Let $A$ be commutative ring and $G$ a finite group of ring automorphisms of $A$. We have a finite ring extension $A^G \to A$ that induces a surjective map $\phi: Spec(A) \to Spec(A^G)$. I'd like to prove that given $a \in A$ and $b_i \in A^G$ such that $$t^n+\sum_{i \leq n} b_i t^i=\prod_{\sigma \in G}(t-\sigma(a)) ,$$ we have $\phi(D(a))= \cup D(b_i)$ where $D(f)$ is the canonical principal open subset.
I managed to prove one inclusion (namely $\subset$) but I've got no idea for the other one.
Take $A=\mathbb{Z}$, $G=1$.
Then $5^3 = 125 = 3\times 25 + 10 \times 5 = 3\times 5^2 + 10\times 5$; $3,10\in A^G$; but $D(5)\neq D(3)\cup D(10)$ (note that $\phi = id$).
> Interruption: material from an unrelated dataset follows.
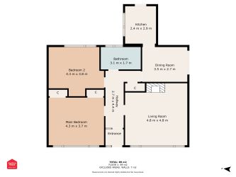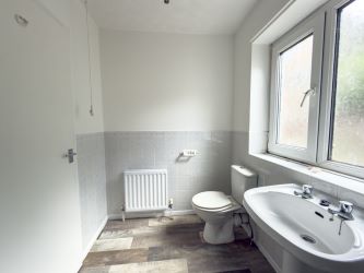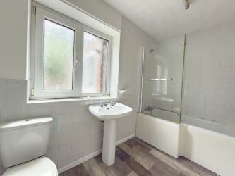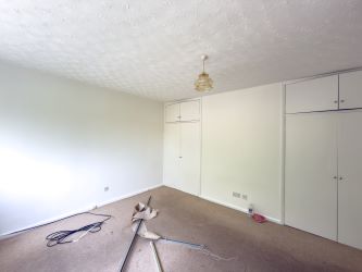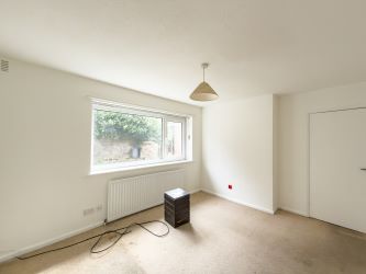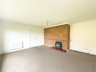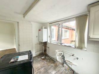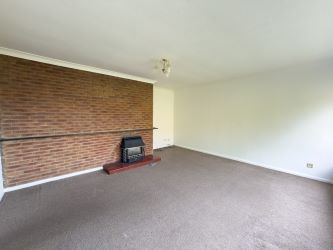 Internally, the accommodation comprises a welcoming entrance hallway leading to a bright and airy living room with feature brick wall, a separate dining room with garden access, and a kitchen in need of updating but with scope to design a modern cooking space. The property offers two generously sized double bedrooms—both with fitted storage—and a family bathroom with three-piece suite.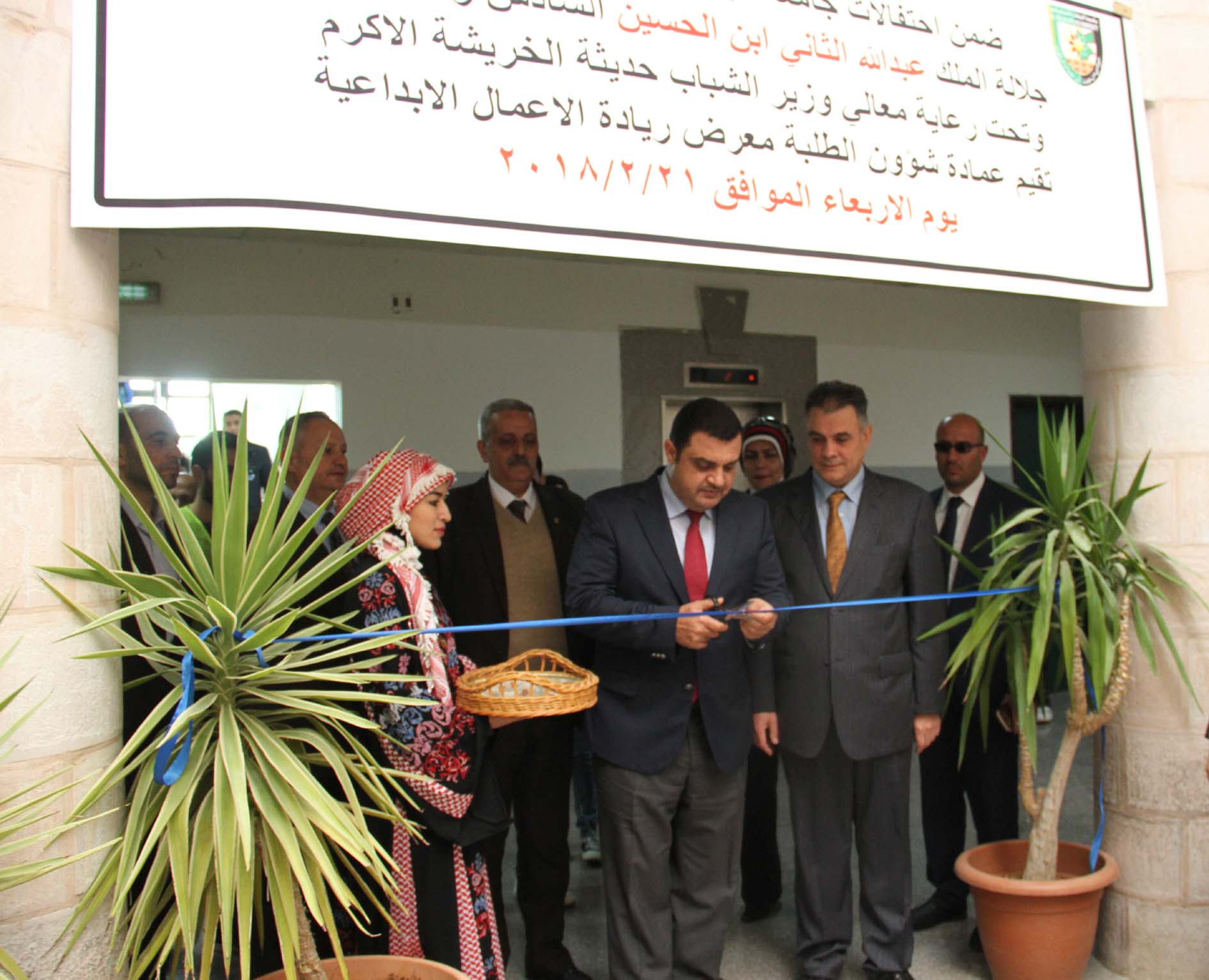 وعلى هامش المحاضرة التي حضرها نواب رئيس الجامعة وعدد من المسؤولين في وزارة الشباب وطلبة الجامعة افتتح وزير الشباب ورئيس الجامعة معرضا لريادة الاعمال الابداعية المتضمن مشاريع بحثية ومشاريع تخرج ونتاجات طلابية من مختلف كليات الجامعة كمشاريع حصل بعضها على براءات الاختراع والربوتات ومشروع التخلص من الزيوت العادمة باستخدم مواد ممتصة رخيصة الثمن ومشاريع متميزة اخرى.

So you need some more conditions for it to work, if it can work.
With the new condition : For $i=0$, $b_0 = \displaystyle\prod_{\sigma\in G}\sigma(a)$, thus if $p$ is a prime ideal of $A^G$ and $\phi(q) = p$, and $a\in q$, then $b_0 \in q\cap A^G = p$, thus $p\notin D(b_0)$. Thus $p\in D(b_0)\implies q\in D(a) \implies p\in D(\phi(a))$.
More generally, if $G= \{id=\sigma_0, \sigma_1,...,\sigma_n\}$ we have $b_i = \displaystyle\sum_{i_0<...<i_l} \prod_{k=0}^l \sigma_{i_k}(a)$ for $l=n-i$. Thus if $p$ is prime in $A^G, p=q\cap A^G$ with $q$ prime in $A$, and $b_i\notin p$, then $b_i\notin q$, so for some $i_0<...<i_l$, $\displaystyle\prod_{k=0}^l \sigma_{i_k}(a)\notin q$. Applying $g=\sigma_{i_0}^{-1}$ to both sides we get in particular $a\notin g\cdot q$. But $\phi(g\cdot q) = \phi(q) = p$, so $g\cdot q \in D(a)$ and $p=\phi(g\cdot q)\in \phi(D(a))$, thus $D(b_i)\subset \phi(D(a))$.
Thus $\cup_i D(b_i)\subset \phi(D(a))$. The other inclusion is easy as you pointed out.